Jakarta - Federasi Serikat Musisi Indonesia (FESMI) dan Persatuan Artis Penyanyi, Pencipta Lagu, dan Pemusik Republik Indonesia (PAPPRI) secara resmi mengajukan Amicus Curiae setebal 35 halaman kepada Mahkamah Agung (MA) terkait kasus sengketa hak cipta antara Agnes Monica (Agnes Mo) dan Ari Bias.
Kasus dengan nomor perkara 92/Pdt.Sus-HKI/Cipta/2024/PN Niaga Jkt. Pst , yang sebelumnya diputuskan oleh Pengadilan Niaga Jakarta Pusat , kini memasuki tahap kasasi di MA.
Direktur Hukum FESMI, Panji Prasetyo mengatakan bahwa Amicus Curiae, atau dokumen pendukung hukum, bertujuan agar Mahkamah Agung dapat menolak gugatan yang diajukan penggugat dan mengadili sendiri perkara tersebut.
FESMI, yang diwakili oleh Ikang Fawzi sebagai Wakil Ketua Umum, dan PAPPRI, yang diwakili oleh Ketua Umum Tony Wenas, menilai putusan sebelumnya berpotensi merusak kepastian hukum dalam industri musik Indonesia.
"Kasus ini bukan sekadar soal Agnes Monica sebagai individu, melainkan soal ekosistem musik secara keseluruhan," kata Panji Prasetyo, dikutip Opsi pada Sabtu, 22 Maret 2025.
"Jika putusan ini menjadi preseden, sistem hukum hak cipta kita bisa menjadi kacau,” ujar dia.
Panji bilang, FESMI dan PAPPRI berpendapat bahwa putusan Pengadilan Niaga Jakarta Pusat dapat menimbulkan kekhawatiran luas, khususnya terkait sistem royalti yang selama ini diatur oleh Undang-Undang Nomor 28 Tahun 2014 tentang Hak Cipta.
Jika putusan ini tidak dikoreksi, kata dia, sistem royalti yang dijalankan melalui Lembaga Manajemen Kolektif (LMK) dapat terganggu.
Sementara Ketua Bidang Hukum DPP PAPPRI, Marcell Siahaan mengatakan bahwa kasus ini menjadi refleksi penting bagi seluruh pelaku industri musik.
"Momentum ini membuka mata kita untuk kembali bersatu menjaga ekosistem yang kondusif, produktif, dan bermartabat," ujarnya.
Kasus royali yang terjadi bermula dari gugatan Ari Bias terhadap Agnes Monica, di mana Ari mengklaim lagunya digunakan dalam konser tanpa izin dan meminta ganti rugi sebesar Rp1,5 miliar.
Pengadilan Niaga Jakarta Pusat memutuskan bahwa Agnes Monica melakukan pelanggaran hak cipta.
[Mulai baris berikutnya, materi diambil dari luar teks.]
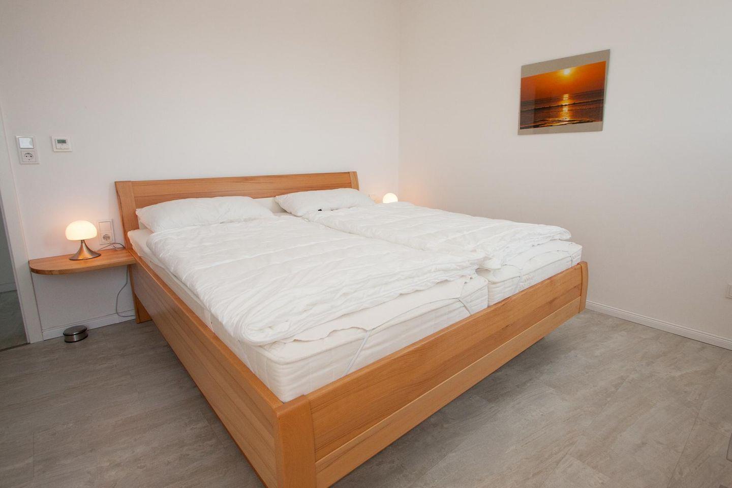 Ein Schlafzimmer mit Doppelbett 1,80x2,00m, in Komforthöhe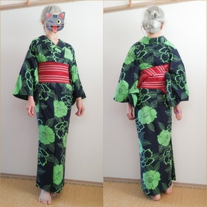 牡丹のプレタ浴衣に献上柄の抹茶半幅で侍結び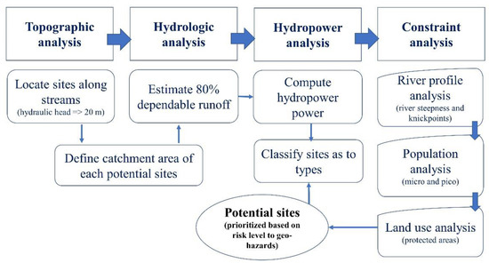 General workflow of the identification of potential small-scale hydropower sites.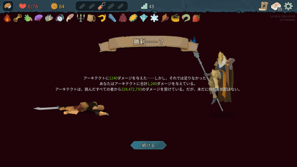3層ボスを倒すとアーキテクトの待つ部屋へと進む。先制攻撃を仕掛けるが返り討ちに合い、負ける。この時与えたダメージ値が全世界のプレイヤー達の合計値に加算されて最後に表示される。この演出は前作のラスボスである「堕落の心臓」に対するものと等しく、今作のラスボスはこのアーキテクトだと推測される。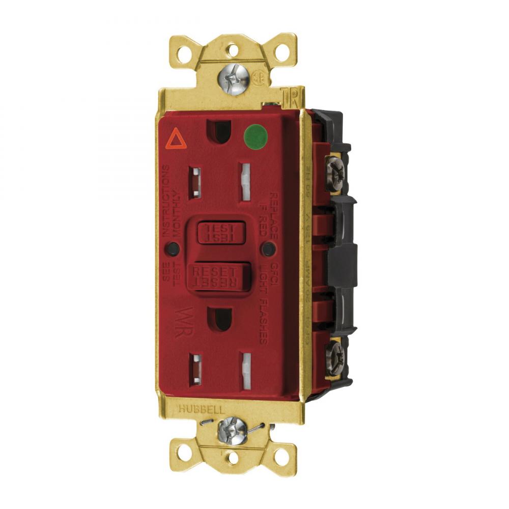 Wiring Device-Kellems AUTOGUARD® Style Line GFTWRST82RIG Decorator Duplex Heavy Duty Self-Test Straight Blade Isolated Ground Tamper/Weather Resistant GFCI Receptacle, 125 VAC, 15 A, 2 Poles, 3 Wires, Red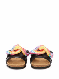 Chain slip-on slides black/multicolour calf leather/sheepskin leather lining chain-link detailing open toe slip-on style single toe strap branded insole flat sole Imported Composition Outer: Calf Leather 100% Sole: Leather 100% Lining: Sheepskin 100% SIZE & FIT FittingInformation This piece fits true to size. We recommend you get your regular size This piece has a wide fit. For those with a narrow foot, get the next size down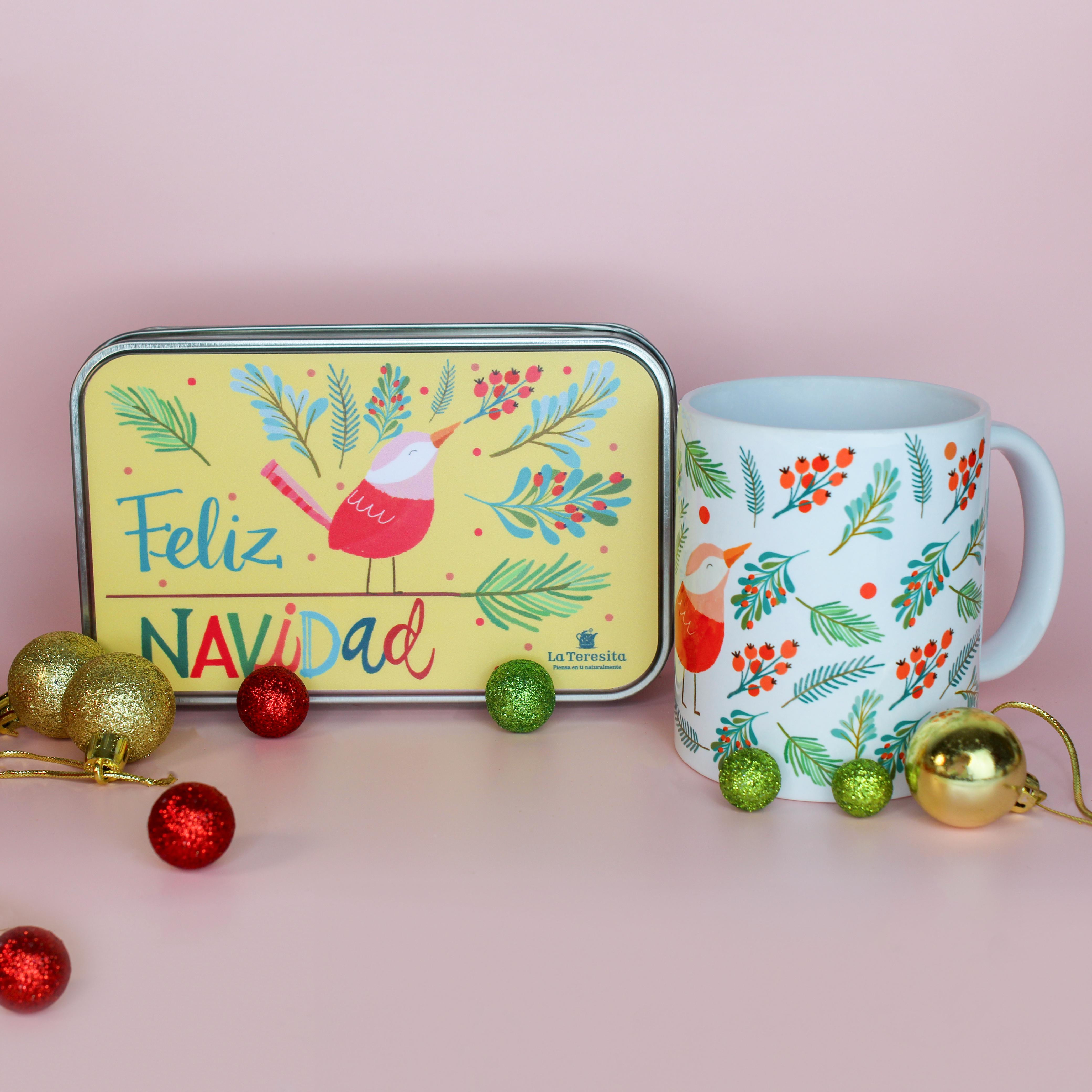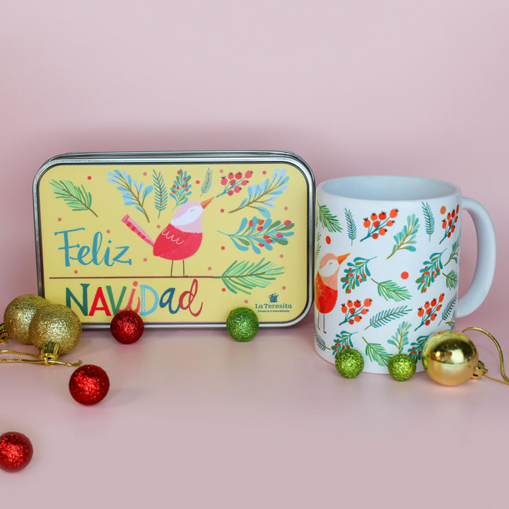 Caja Metálica x 12 infusiones y Mug con el diseño Pajarito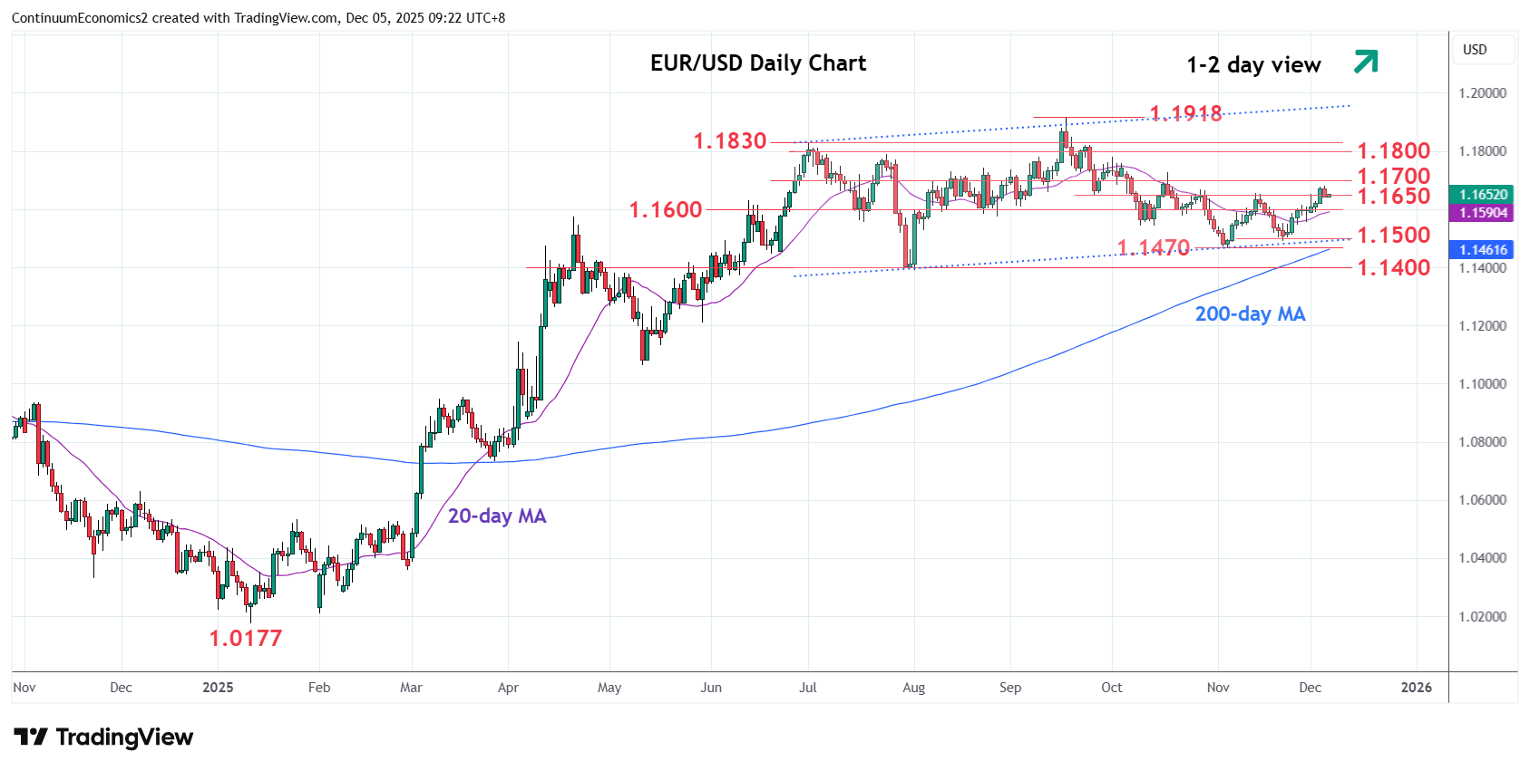 Chart EUR/USD Update: Consolidating at 1.1650, room for higher later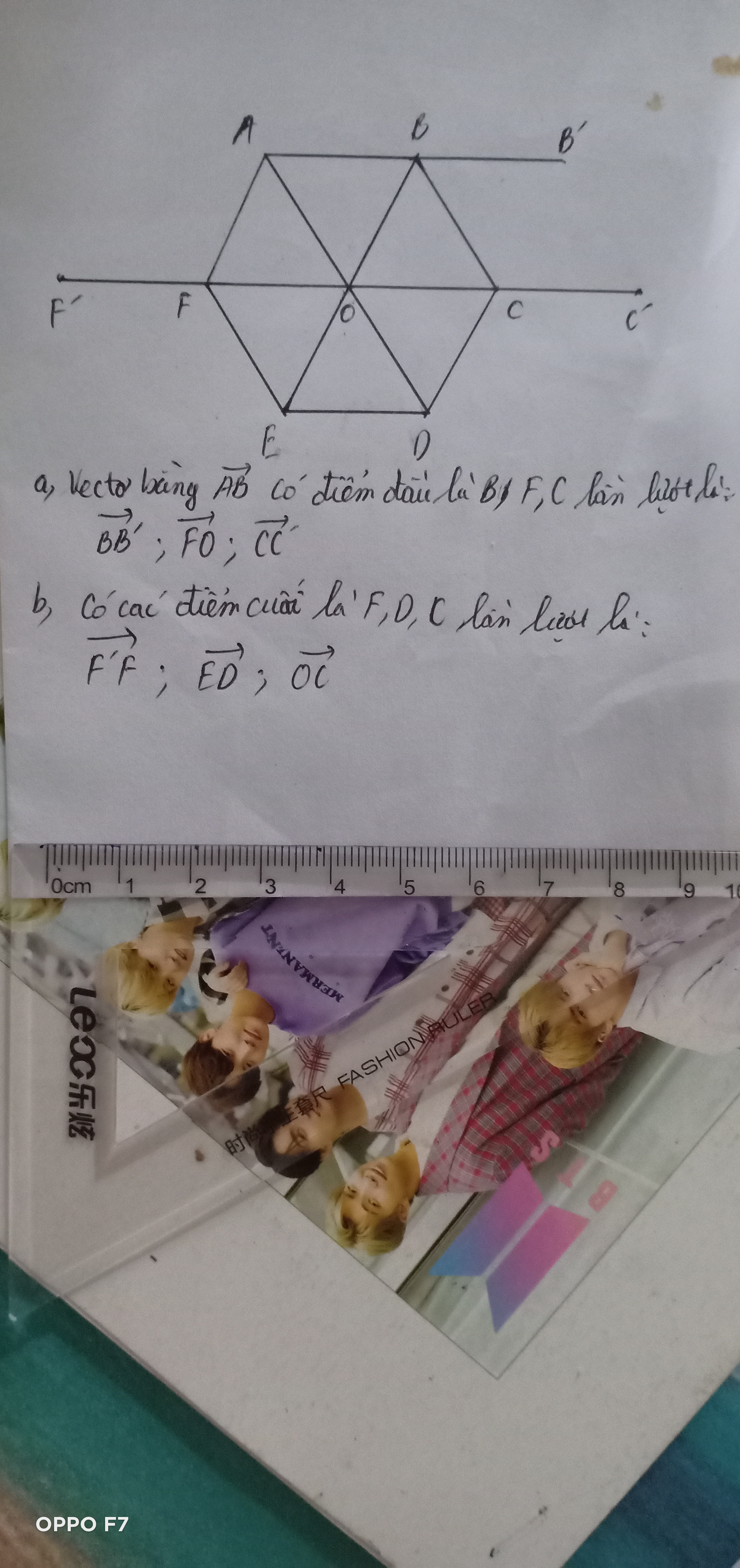 Cho lục giác đều ABCDEF.hãy vẽ các vectơ bằng vectơ AB và có: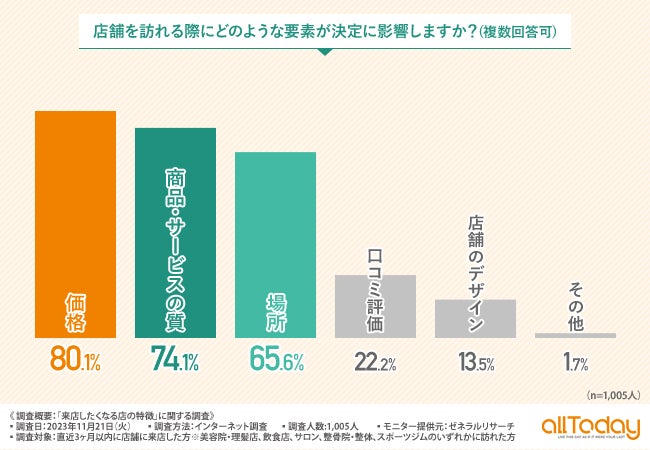 【オールトゥデイ|調査レポート】8割以上の方が店舗に訪れるか決める際に「価格」の影響を受けると回答。

Putusan ini menimbulkan kontroversi karena berpotensi mengubah tata kelola royalti yang selama ini berjalan.
Dokumentasi program "Asik, Hari Musik" dari Fesmi. (Foto: Istimewa)
Dalam dokumen Amicus Curiae, FESMI dan PAPPRI menekankan beberapa poin penting, yakni:
1. Royalti Kolektif Melalui LMK : Sistem blanket licenses yang diatur dalam UU Hak Cipta memberikan izin otomatis kepada pengguna komersial untuk menggunakan ciptaan, selama royalti dibayar melalui LMK.
2. Tanggung Jawab Penyelenggara Pertunjukan : Dalam konteks konser, penyelenggara pertunjukan yang bertanggung jawab untuk membayar royalti, bukan pelaku pertunjukan seperti penyanyi atau artis.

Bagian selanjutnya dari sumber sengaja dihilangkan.